И несмотря ни на что, что-то по-прежнему было не так. Что-то не давало ему покоя. Что?… Казалось, все хорошо, они стали семьей. Настоящей. Той, о которой можно было бы мечтать. Но Максим ощущал в воздухе веяние чего-то… переменного, словно бы неправильного, нелогичного, что-то, чему он не мог дать объяснения. И это его терзало. Рвало душу в клочья, билось в нем подступающей к сердцу болью, и давило, давило, давило… Прижимало, прессовало и вынуждало мучиться от неизвестной, но такой ощутимой… несовершённости. Будто чего-то еще не было им сделано, не было доведено до конца, будто что-то было выполнено, исполнено лишь наполовину. Что это? Он не знал. И неизвестность не столько раздражала, сколько пугала. Неизвестность была страшнее подступающей трагедии, которую ощущаешь каждой клеточкой кожи, потому что кажется, будто она впиталась в тебя, и ты уже пахнешь ею, ее отравляющей неизбежностью и ядовитой неотвратимостью. И это что-то медленно, вяло, иронично смеясь и наращивая темп, приближается, давит, будоражит кровь, вводит в состояние ступора. И все внутри тебя немеет.

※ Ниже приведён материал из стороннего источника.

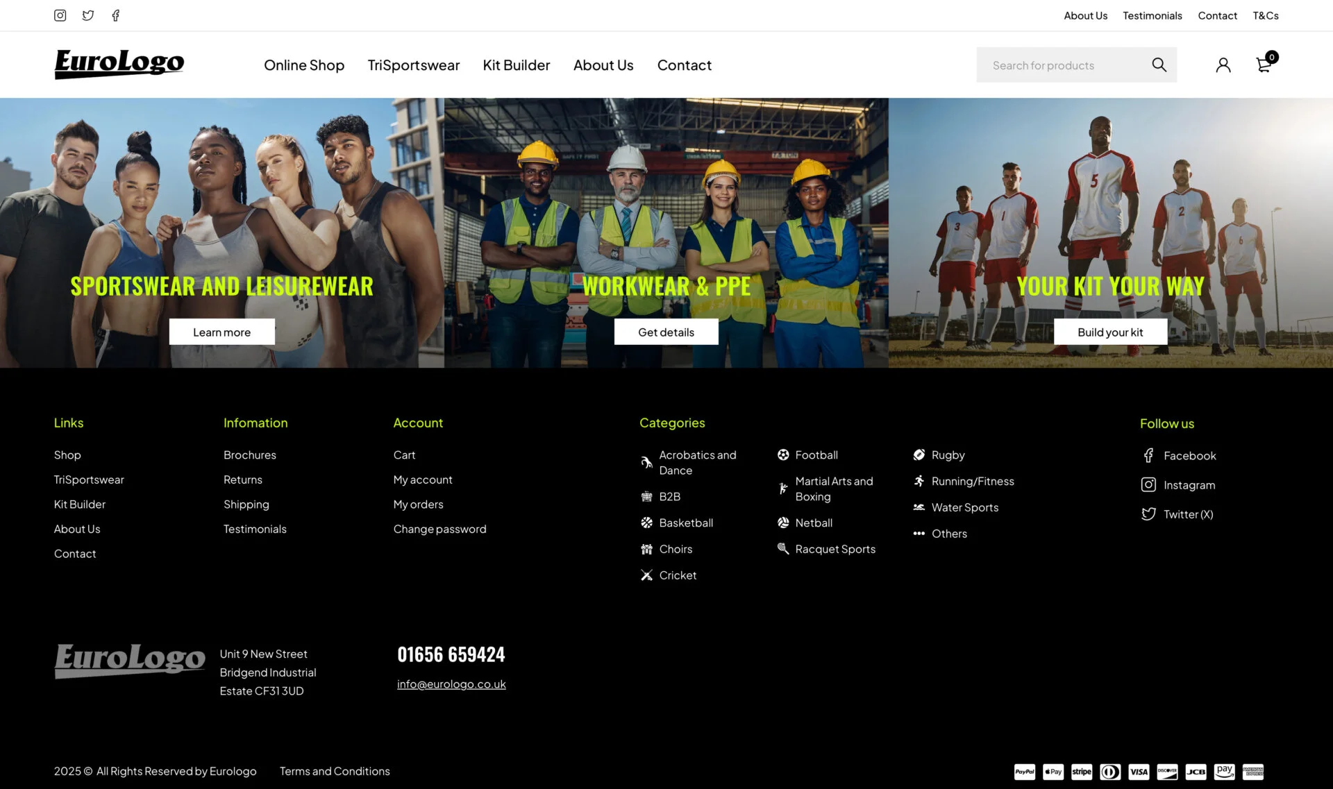 Eurologo, a sportswear and leisurewear retailer based in the UK, approached me to redesign their online store and bring it up to modern e-commerce standards. Their previous website had been pieced together over time, making updates difficult and limiting their ability to showcase new product lines. They wanted a clean, fast, and reliable store that would better represent their brand and support both everyday shoppers and sports teams looking for custom apparel.
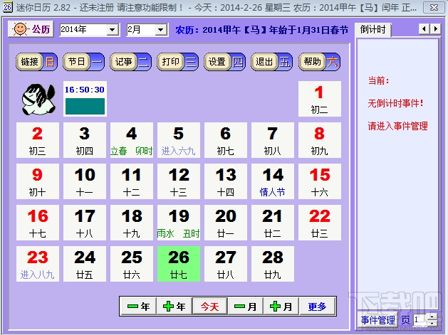迷你日历是集公历农历(1600-2100年)双界面对照查询、每日记事、周期式活动预排、人体生物节律、重要记事动态提醒、闹钟报时、世界各地时间查询、自定义节日、节日预告、倒计时、日历墙纸、日历打印和多种日历信息(节气、交节时刻、各种类型节日、九九、三伏、星座、梅雨季节、四季、生肖、四柱、时辰等)查询及个人信息管理于一身的多功能日历软件,同时它还具有极强的个人信息管理功能。
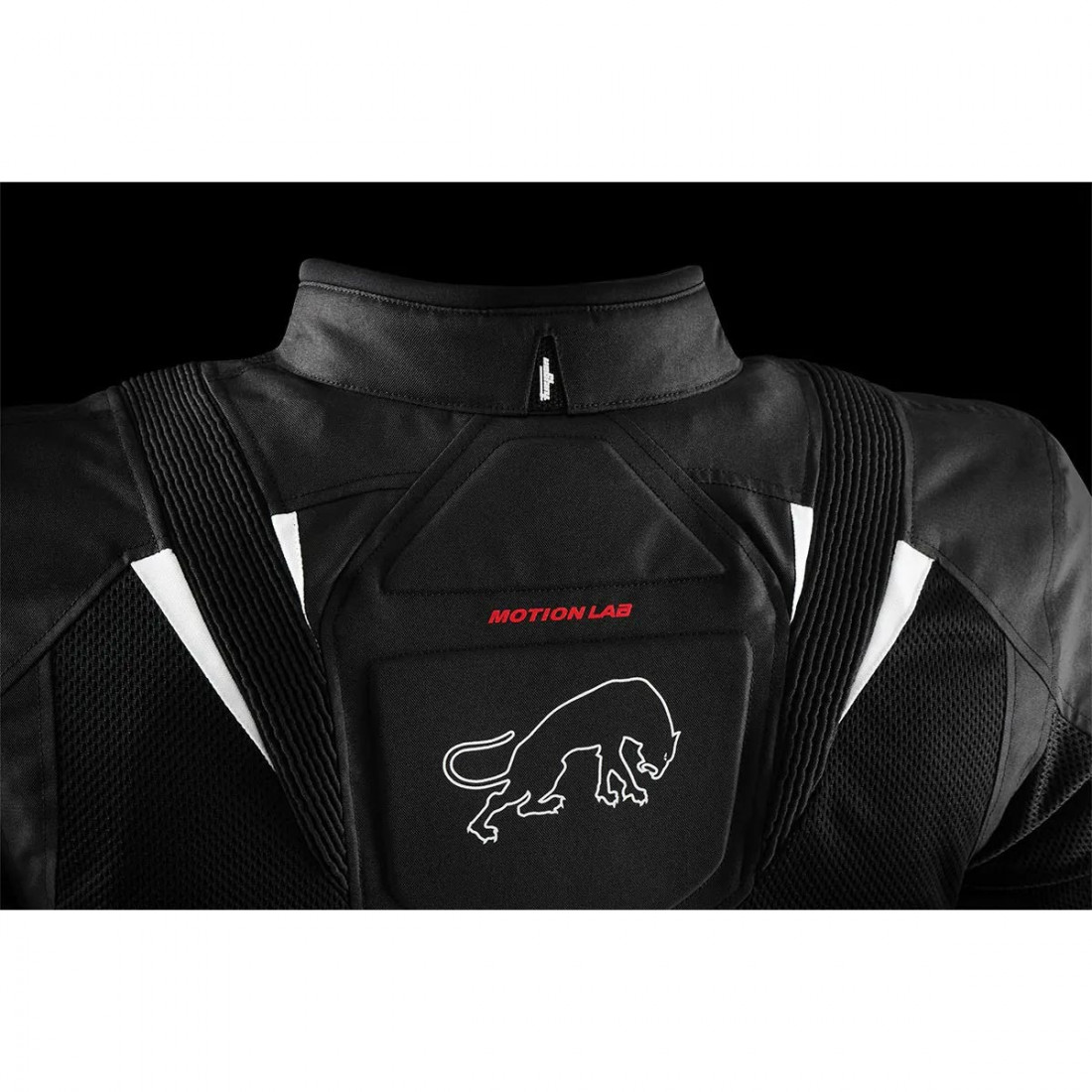 Безопасность обеспечивается съемными протекторами нового поколения D3O®, сертифицированными по стандарту CE. Эти вставки на плечах и локтях остаются гибкими для комфорта и мгновенно активируются при ударе. Куртка имеет карман для установки дополнительных протекторов D3O® для спины (продаются отдельно). Критические зоны усилены двойными внутренними швами, а особая подкладка Skin Protect от лаборатории MOTION LAB значительно повышает устойчивость материала к истиранию и влаге.

Этому нет объяснения. Ты понимаешь, что это, лишь тогда, когда оно врывается в твою жизнь без предупреждения в открытые настежь двери, которые ты не успел закрыть. И только тогда громкая истина открывается тебе. И, кажется, тонкая грань лежит между тем, что у тебя есть, и чего у тебя не было.

Какая мучительная неприятность, откровенная жестокость и грубое кощунство!..

Почему мир состоит из противоречий, противостояний, сопротивлений и упущенных возможностей!? Какая подлость, какая несправедливость! Кажется, все хорошо, ты счастлив, но в один прекрасный момент ты понимаешь, что это счастье зыбко, мнимо, пространственно. И новой всему то, что ты так настойчиво ищешь, но не можешь найти этому даже определения.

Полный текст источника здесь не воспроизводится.